Remember remember the fifth of November. Gunpowder, treason and plot. I see no reason why gunpowder treason should ever be forgot.
Last Sunday night was of course Bonfire Night. For one night a year, the increasingly darker night skies light up in an array of spark and wonder. But the night is not a fun occasion for everyone. Violence, anxiety, and injury are common occurrences, and calls for increased regulation are repeated in the aftermath every year.
In light of the violence witnessed this year, my colleague Kaitlin has already discussed the social implications for young men for our column published in The National this week, but I’d like to reflect on the use of fireworks in communities themselves, is it about time to reassess how we celebrate Bonfire Night?
In the first Bonfire Night since the Scottish Government introduced the Fireworks and Pyrotechnic Articles (Scotland) Act, I thought I would take this week to reflect on some of Sunday night’s proceedings, and ask what place should such an historic event have in our communities going forward?
We all know the origin story: a celebration ordered into law by Protestant King James to mark the foiled assassination attempt by Catholic activists in 1605. Since then, the proceedings have evolved from compulsory bonfires to just another winter staple, another way to pass a dark night between Halloween and Christmas.
There are very few celebrations in the world whose origins aren’t mired in controversy, and Bonfire Night is now happily enjoyed in most communities, marked in one way or another with a complete absence of religious connotations.

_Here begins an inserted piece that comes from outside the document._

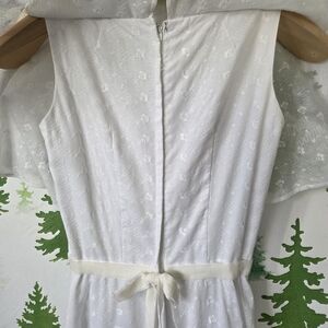 The dress features an empire waist, a long, flowing skirt with a ruffled hem, and a ruffled overlay across the shoulders and chest that functions as a capelet. It's 70's boho inspired style gives it a retro feel making it a great addition for a dressy casual or formal occasion. Pre-owned with no stains. No labels on size or fabrication.

Celebrations were severely scaled back in the years during Covid, and now, much like a lot of aspects of our lives we dearly missed during that time, they are back, bigger and better than ever, people desperate to cling onto traditions which remind them of how pretty life can be sometimes.
But of course, like most celebrations, Bonfire Night just isn’t for everyone.

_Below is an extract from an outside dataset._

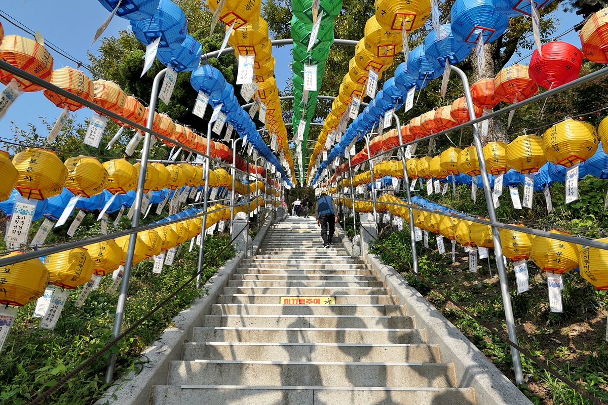 관음보살좌상으로 가는 가파른 경사의 418 계단.

In recent years more attention had been drawn to the impact the noise of fireworks has on our beloved pets. We’ve all seen the videos and read the stories of animals in distress. But of course, they are not the only ones.

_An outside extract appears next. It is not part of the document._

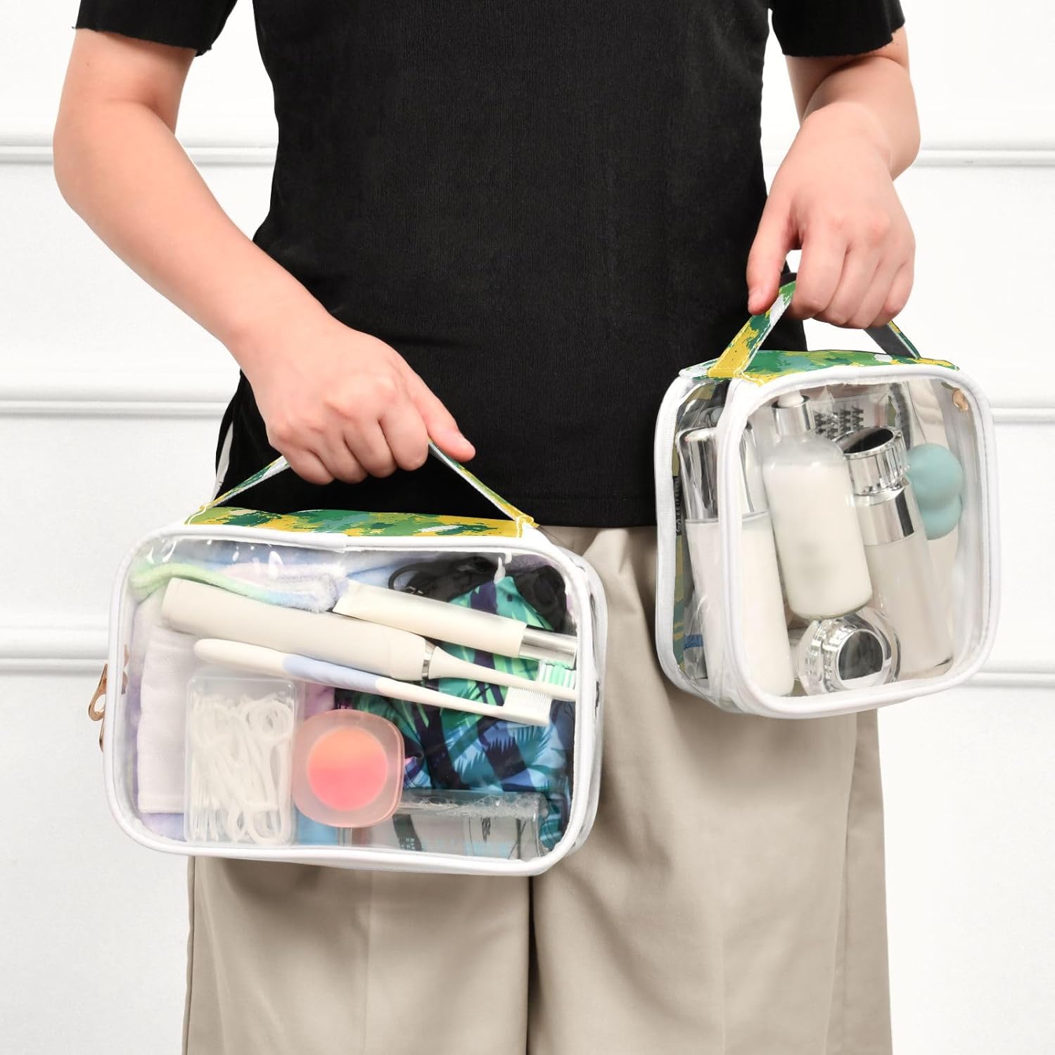 2 Pack Clear Makeup Bag, Green Yellow Tie Dye Car Pouches for Organization Waterproof Travel Toiletry Bags Cosmetic Case for Women

I’ve always had a little trouble with my nerves. I was often the butt of the joke in my retail and service jobs, colleagues jumping out to frighten me for laughs, and of course it was indeed funny, I’m fairly thick skinned and can take a joke. But sudden, loud noises are still my Achilles heel, so you can imagine that the lead up to Bonfire Night every year simply fills me with dread. Hours of sudden, loud noises from neighbours who have been purchasing fireworks at the local supermarket from the day the designated kiosk opened, just practice runs for the big night.
On Sunday night itself I found myself stuck in nose to tail traffic on my way home from dinner with my parents. A free, local display which attracts hundreds, if not thousands, of spectators every year brought the entire town to a standstill, and a journey which normally takes less than fifteen minutes took almost fifty. The main source of disruption was controlled entry to the event venue, with police diverting traffic and closing normally busy lanes on the road to accommodate event goers, leaving local residents to contend with the increased flow in and out of town.
So here we already have two problems: the private use of fireworks causing nuisance, and the poor planning and infrastructure of the large, organised displays we’re actively encouraged to attend instead. There are no good options out there that offer a compromise on how to celebrate Bonfire Night both safely for those who wish to participate, and peacefully for those who don’t.
And this is just my own, personal experience this year. Every year the cycle repeats itself, and more people call on the government to intervene as stories emerge of violence and injury at both organised public displays and private events.
The Scottish Government’s Fireworks and Pyrotechnic Articles Act was introduced last year in response to this usual uptick in incidents, and yet falls miserably short of addressing it since it makes an exception to the sale and distribution of fireworks in the run up to the two days of the year where these incidents are most likely: Bonfire Night and New Year’s Eve.
This is a clear cut failing, a typical smokescreen from our government to make it look like they’re doing the work, make it look like they care, but in the end it’s just more meaningless words on meaningless paper.
Does this mean we should ban Bonfire Night if we can’t do it right? Of course not. However, something needs to change.
Supermarkets have been praised for their sale of so-called ‘silent fireworks’, which contain less gunpowder and therefore produce less sound when fired. But while bigger and better prospects are still for sale right beside them, they still simply won’t appeal to the people they need to.
Furthermore, you can restrict the sale of fireworks to certain people at certain times until the cows come home, but until there is an outright ban on their sale to the public, those who set out with the intention to cause nuisance already possess the disregard for community welfare to do so anyway. These are not the people who would be deterred by restrictions, they need to be outright unavailable for general use, as more and more poll respondents are beginning to agree.
There should also be more stringent safety checks and regulations in place for those who organise these larger events to further ensure public safety both within the venue and outside within communities. Locals should have more of a say in what goes on, especially when they have the potential to cause such disruption.
Yes, it is a night steeped in tradition, and a source of enjoyment for many. But when we look at the bigger picture, see beyond our own wants and needs and start to consider the impact on others, perhaps we should consider forgetting the gunpowder treason, and rethink how we can each bring our own little sparkle to our dull winter nights.